__Problem statement__
Copy every line of the data below exactly as given, except for the pictures.

__Supplied material__
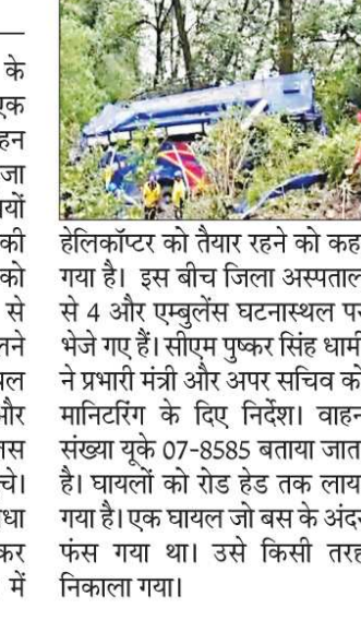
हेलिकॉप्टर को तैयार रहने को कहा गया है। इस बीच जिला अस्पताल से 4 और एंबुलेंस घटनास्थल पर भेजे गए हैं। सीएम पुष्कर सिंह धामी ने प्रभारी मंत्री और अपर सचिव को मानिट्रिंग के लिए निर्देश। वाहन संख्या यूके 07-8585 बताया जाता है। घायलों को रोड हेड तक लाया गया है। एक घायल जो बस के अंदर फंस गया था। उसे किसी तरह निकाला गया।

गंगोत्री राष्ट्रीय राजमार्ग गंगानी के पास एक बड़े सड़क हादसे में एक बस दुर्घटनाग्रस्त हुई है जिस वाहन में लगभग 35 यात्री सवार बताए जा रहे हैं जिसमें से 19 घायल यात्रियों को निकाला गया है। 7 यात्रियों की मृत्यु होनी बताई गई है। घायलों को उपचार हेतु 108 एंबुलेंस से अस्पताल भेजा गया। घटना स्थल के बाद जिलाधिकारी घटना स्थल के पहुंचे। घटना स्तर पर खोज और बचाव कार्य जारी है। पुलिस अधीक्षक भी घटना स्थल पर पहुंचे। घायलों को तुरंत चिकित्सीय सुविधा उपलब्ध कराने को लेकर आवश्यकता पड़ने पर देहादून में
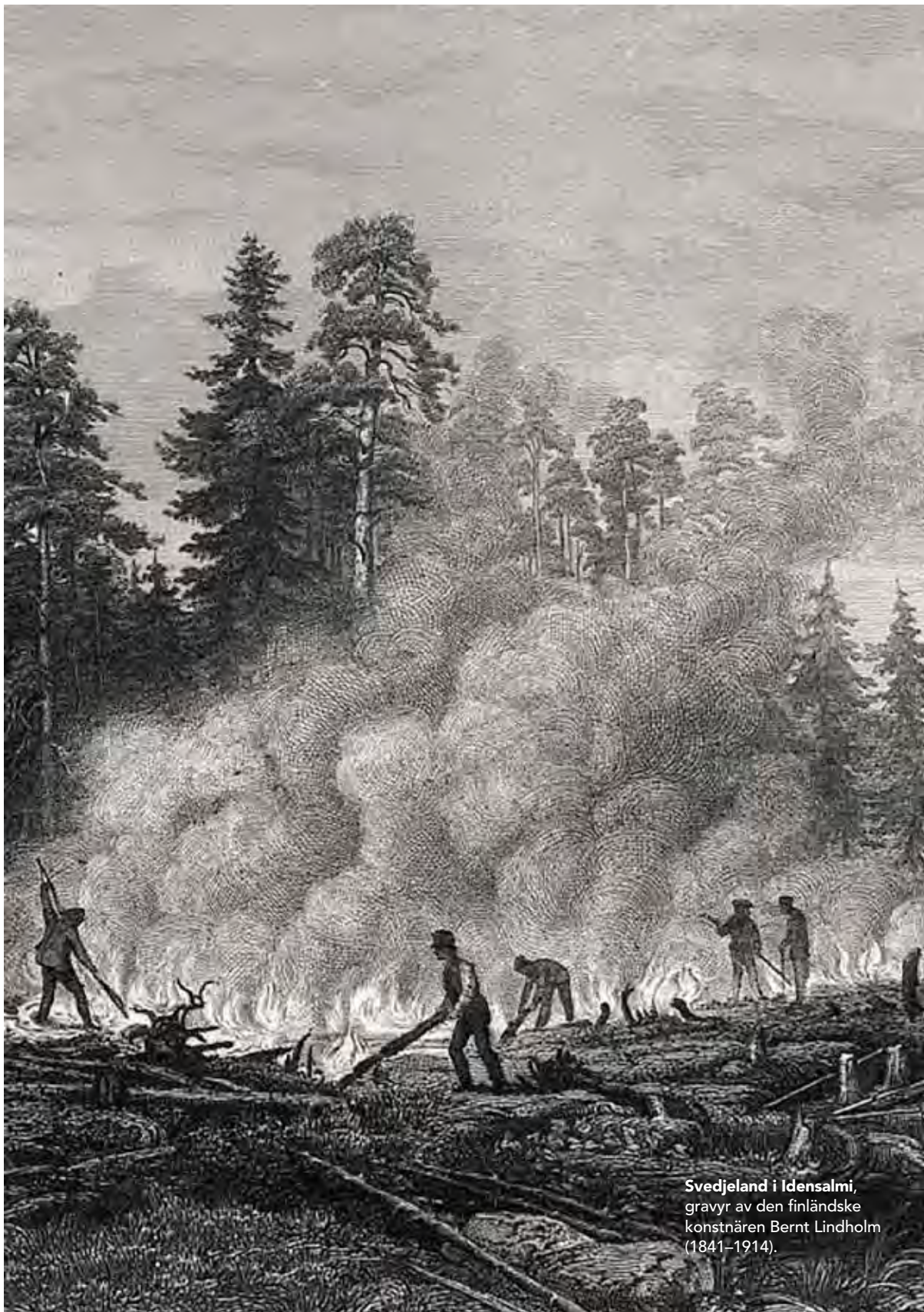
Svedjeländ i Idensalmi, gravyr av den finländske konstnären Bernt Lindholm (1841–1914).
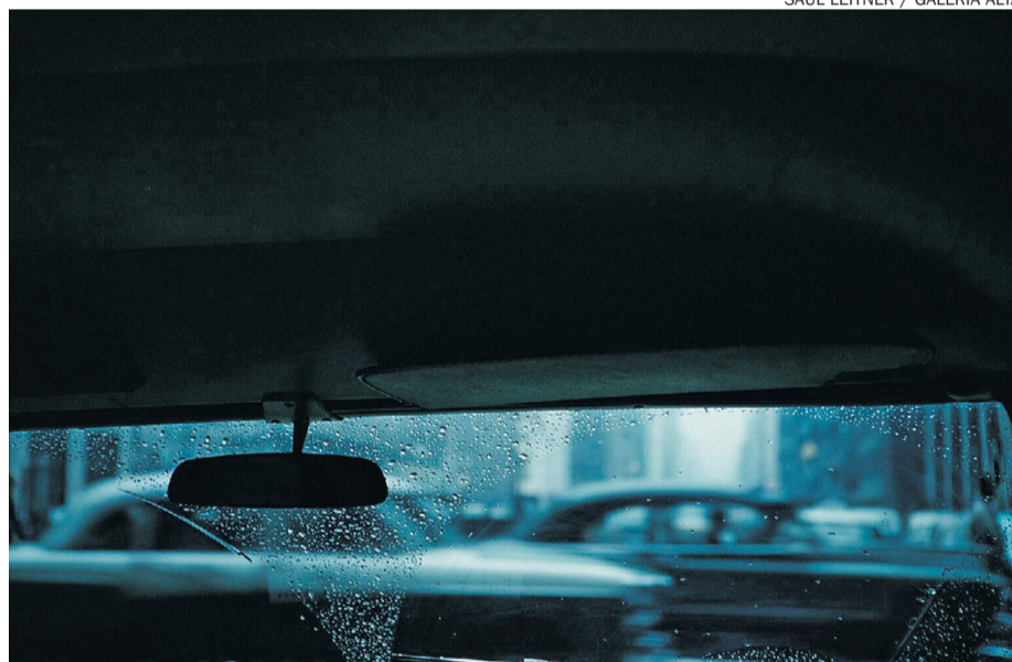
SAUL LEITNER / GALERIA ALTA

__Problem solution__
हेलिकॉप्टर को तैयार रहने को कहा गया है। इस बीच जिला अस्पताल से 4 और एंबुलेंस घटनास्थल पर भेजे गए हैं। सीएम पुष्कर सिंह धामी ने प्रभारी मंत्री और अपर सचिव को मानिट्रिंग के लिए निर्देश। वाहन संख्या यूके 07-8585 बताया जाता है। घायलों को रोड हेड तक लाया गया है। एक घायल जो बस के अंदर फंस गया था। उसे किसी तरह निकाला गया।

गंगोत्री राष्ट्रीय राजमार्ग गंगानी के पास एक बड़े सड़क हादसे में एक बस दुर्घटनाग्रस्त हुई है जिस वाहन में लगभग 35 यात्री सवार बताए जा रहे हैं जिसमें से 19 घायल यात्रियों को निकाला गया है। 7 यात्रियों की मृत्यु होनी बताई गई है। घायलों को उपचार हेतु 108 एंबुलेंस से अस्पताल भेजा गया। घटना स्थल के बाद जिलाधिकारी घटना स्थल के पहुंचे। घटना स्तर पर खोज और बचाव कार्य जारी है। पुलिस अधीक्षक भी घटना स्थल पर पहुंचे। घायलों को तुरंत चिकित्सीय सुविधा उपलब्ध कराने को लेकर आवश्यकता पड़ने पर देहादून में
Svedjeländ i Idensalmi, gravyr av den finländske konstnären Bernt Lindholm (1841–1914).
SAUL LEITNER / GALERIA ALTA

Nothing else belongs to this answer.